On August 6th, 1987, several of us from West Michigan were part of an action at Wurtsmith Air Force Base, an action that involved street theater and several arrests, which you can see in the picture here.
A few years later, we were part of another action at Wurtsmith, this time using the symbolism I had learned in Guatemala from the Mothers of the Disappeared. Again, several of us were arrested. We were book and then received court dates for sentencing. The judge presiding over these cases was in the National Guard and he consistently sentenced people to 3 months minimum for getting arrested at Wurtsmith. I decided that I would not go to my court date and wrote the judge a letter telling him why I wouldn’t be there.
Weeks later I received a second letter with a new court date. I wrote back and said that I was not coming, so they issued a bench warrant for my arrest. A few days later, federal marshals showed up at my house to arrest me, but I slipped out the back door and had a housemate tell them I wasn’t home.
I then spent the next several months at other people’s homes and generally just trying to lay low. Wendy Jo Carlton, who use to do a show on GRTV, did an interview with me, which is posted here below.
The US was getting ready to go to war with Iraq, so there were protests being organized in Grand Rapids in the fall of 1990. I started coming to those and one day federal marshals spotted me and grabbed me in front of the federal building. I spent the night in a holding cell on the 9th floor of the federal building in Grand Rapids and then went before a judge in the same building.
When I went before the judge I argued that international law compelled me to resist nuclear weapons, since such weapons killed indiscriminately. The judge actually agreed with me, but then said that he could not just let me go, so I ended up getting “community service.” The irony was, everyone else got at least 3 months for cooperating with the courts, while I got community service for going underground.

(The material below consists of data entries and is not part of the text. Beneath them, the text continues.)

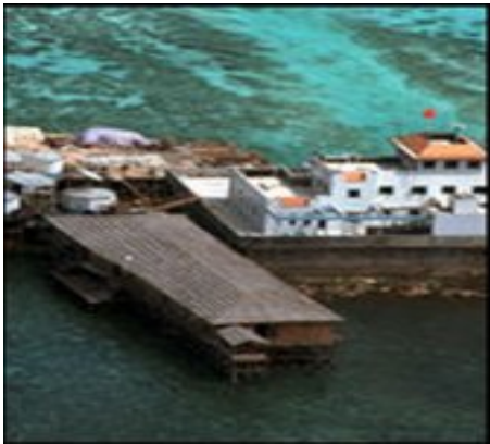
รูป สิ่งปลูกสร้างของจีนบนไซดหิน Mischief Reef

หมู่เกาะนี้และเหตุผลทางภูมิศาสตร์เนื่องจากหมู่เกาะนี้อยู่ใกล้ฟิลิปปินส์มากที่สุด เวียดนามอ้างเหตุผลทางประวัติศาสตร์ เช่นเดียวกับ สเปน และไต้หวัน ส่วนมาเลเซีย และบรูไน อ้างเหตุผลทางภูมิศาสตร์คือมีพื้นที่บางส่วนทางใต้ของหมู่เกาะ อยู่ในเขตไหล่ทวีปของตนเอง ๔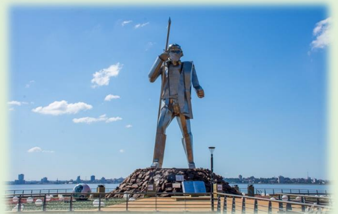
Monumento a Andresito Guacurarí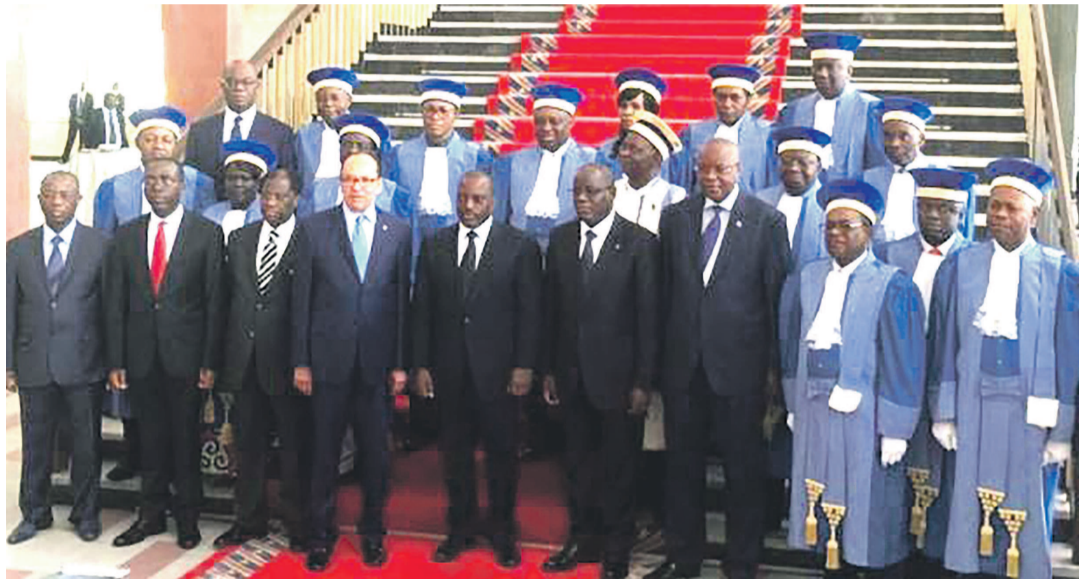
Joseph Kabila posant avec les membres de la Cour constitutionnelle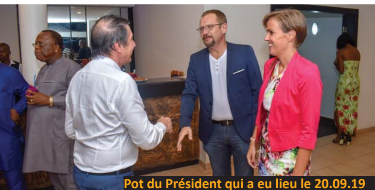
Pot du Président qui a eu lieu le 20.09.19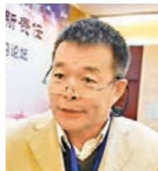
■清華大學國情研究院院長胡鞍鋼。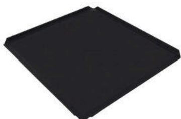
Plech TYNECK s otevřenými rohy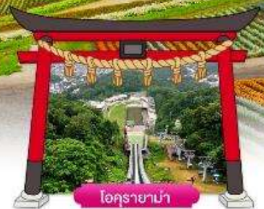
โอคุรายาม่า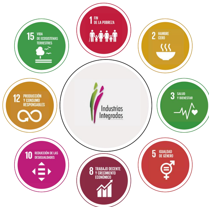
Figura 3: ODS detectados en Industrias Integradas.

Finalmente, tal como se muestra en la figura 3, se lograron identificar ocho ODS en Industrias Integradas: fin de la pobreza, hambre cero, salud y bienestar, igualdad de género, trabajo decente y crecimiento económico, reducción de las desigualdades, producción y consumo responsable y vida de ecosistemas terrestres. Cabe mencionar que, pese a que el gerente de esta cooperativa válida que algunos de sus procesos están alineados al ODS 12 y 15, producción y consumo responsable y vida de ecosistemas terrestres, respectivamente, estos objetivos no son reconocidos como integrados a sus prácticas.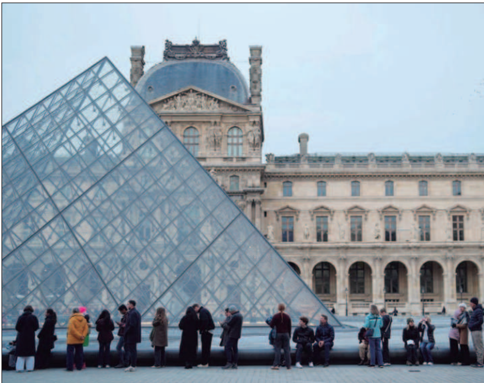
▲ Bajo la nueva estructura, los visitantes que no sean ciudadanos ni residentes de la UE, ni de Islandia, Liechtenstein o Noruega, pagarán la tarifa más alta: 32 euros.

Incremento obedece a repetidas huelgas, hacinamiento crónico y el robo de joyas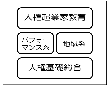
人権総合学習の積み上げ

文部科学省の「人権教育の指導方法等の在り方 第3次とりまとめ」では、他者の違いを大切にしながら社会に参画し自己実現をめざす子どもの育成が提起されています。萱野小学校では、他者の人権や違いを尊重しながら、人とのつながりを基盤に社会の中での自己実現できる子どもの育成をめざす市民性教育の理念がこれからの人権総合学習の進むべき方向であると考え、地域とともに実践をつくっています。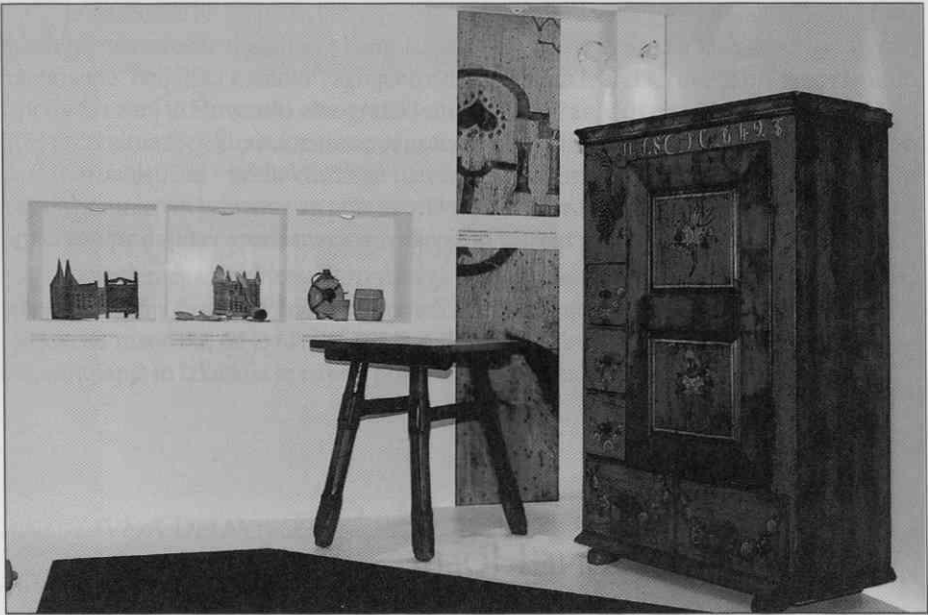
Z razstave V sožitju z lesom, predstavitve Belinke in Slovenskega etnografskega muzeja na sejmu Alpe Adria. (1995)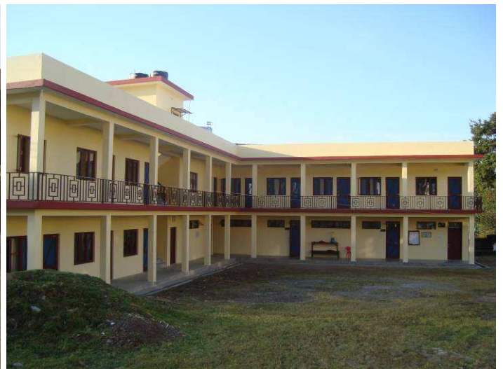
fase finale della costruzione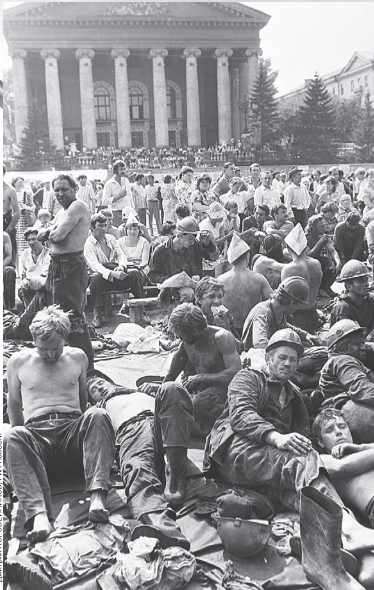
Когда Тулеев возглавил Кузбасс, бастующие шахтеры на центральной площади Кемерова были обычной картиной.

что эти фото - старые, годовой давности, когда сибирского казаха почти одолел сахарный диабет, а теперь Тулеев - сухонький и седой.)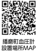
播磨町血圧計設置場所MAP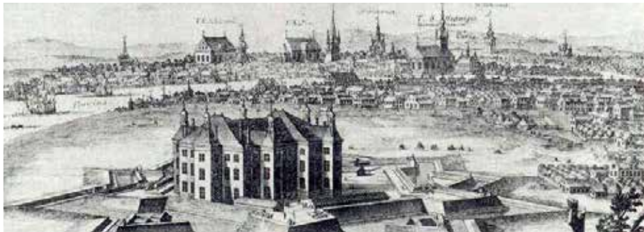
Johannisborg 1600-talet.

Vägbeskrivning: Från Kuddby kyrka kör mot Ö Ny 4 km. Parkering: På höger sida.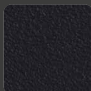
Matt-Schwarz / Matt-Black 00002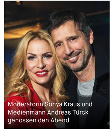
Moderatorin Sonya Kraus und Medienmann Andreas Türck genossen den Abend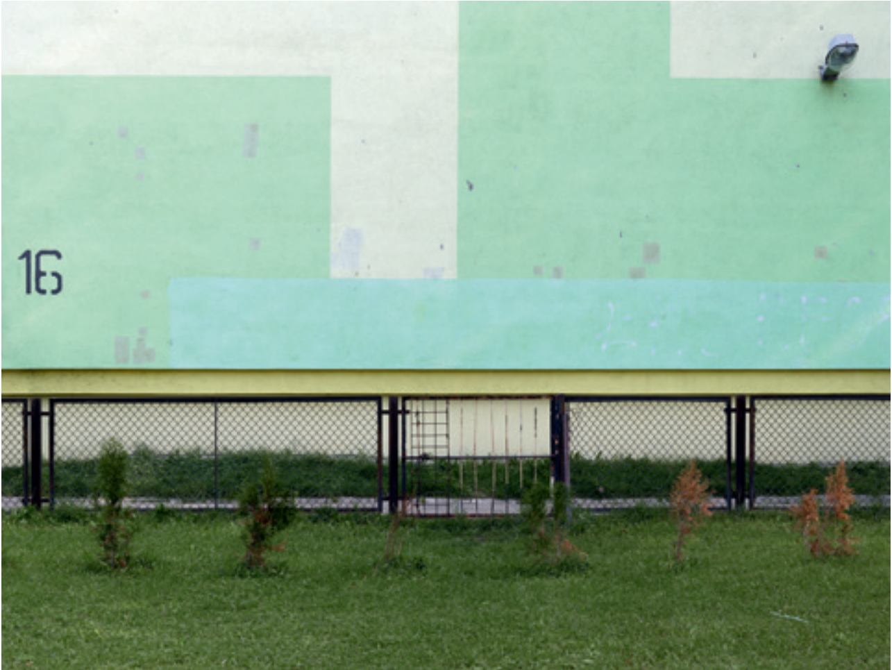
i.e. #2 (Lodz), 2014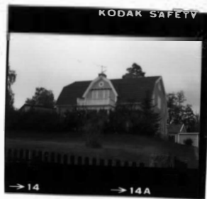
I fr. sv.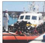
L'ultimo sbarco di migranti a Roccella

L'organizzazione sindacale nel suo comunicato diffuso alla stampa ritiene "improcrastinabile dare il via a delle scelte fin da troppo tempo rimandate in assenza delle quali si pongono in grave rischio la sicurezza e la salute degli operatori di Polizia ed a seguire quelle della cittadinanza intera. L'argomento sbarchi – prosegue la nota del Siulp – da molti decenni non riveste più carattere di eccezionalità ma di normalità. Si continua però a lavorare in emergenza come se si volesse elevarlo a criticità e difficoltà maggiori di quelle che già naturalmente gli appartengono. Condizioni di criticità determinate dalla totale indifferenza

Two years later Wurtsmith Air Force Base was decommissioned and all the nuclear weapons were removed from the area.
Grand Rapids has a fairly rich history of nuclear resistance, with lots of committed people doing important work, which you can read about on the Grand Rapids People’s History Project.
I know that with the current political climate it can seem overwhelming and hopeless. However, it is important to remember that there have always been resistance movements around the world, made up of people who refused to give in and refuse to allow oppression and despair take over. We have power and we can take direct action to make the change we want. As the great liberation fighter Assata Shakur once said, “Nobody in the world, nobody in history, has ever gotten their freedom by appealing to the moral sense of the people who were oppressing them.”